TORONTO — BMO Financial Group said Wednesday that loan growth remained strong in the second quarter as businesses kept investing and residential mortgages were up, but that it is also ramping up its risk assessments as economic pressures including inflation grow.

Central banks have been responding to rising prices by raising interest rates, leading to fears they could overstep and push the economy into a recession, but BMO says it hasn't seen a retreat in the numbers yet.

"There's certainly more uncertainty given some of the continued issues that we all know about, supply chain, inflation," said David Casper, who leads North American commercial banking at BMO.

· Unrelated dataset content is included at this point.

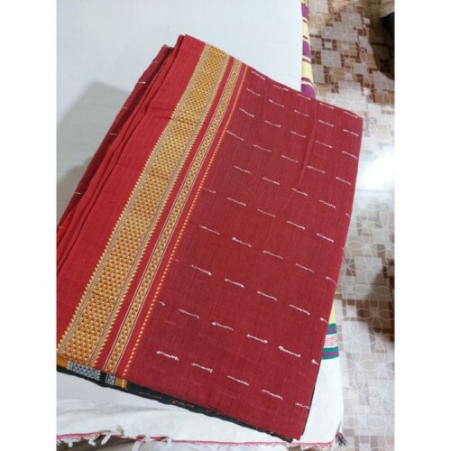 Pure Cotton handwoven ilkal saree with cotton pallu & running blouse, 6.2 mtrs saree length

"But the demand for our clients' products still is outstripping supply. So they're still growing, they're trying to keep up, and the other part of it is there continues to be, both in Canada and the U.S., more movement to onshoring, less reliance on foreign sourcing, more capital expenditure to improve productivity."

The bank recorded average net loans up nine per cent year over year, as well as up three per cent from the prior quarter, with commercial loans a little ahead of consumer balances.

While the bank says it hasn't seen signs of an economic pullback, it has been ramping up its risk management, chief risk officer Patrick Cronin said.

"We did recognize the potential for economic headwinds by increasing the weighting of our adverse scenario, as well as reducing parts of our economic outlook in our base case scenario."

The bank has also been working over the past two years to improve its automated and data-driven risk mitigation processes, which will serve the bank well in the face macroeconomic and geopolitical risk, he said.

Overall, the bank reported a second-quarter profit of $4.76 billion as it said it will now pay a quarterly dividend of $1.39 per share, up six cents from $1.33 per share.

The increased payment to shareholders came as BMO's second-quarter profit amounted to $7.13 per diluted share, up from a profit of $1.30 billion or $1.91 per diluted share a year ago.

Revenue in the quarter totalled $9.32 billion, up from $6.08 billion in the same quarter last year, while the bank's provision for credit losses amounted to $50 million compared with $60 million a year ago.

On an adjusted basis, BMO says it earned $3.23 per diluted share, up from an adjusted profit of $3.13 per diluted share a year ago.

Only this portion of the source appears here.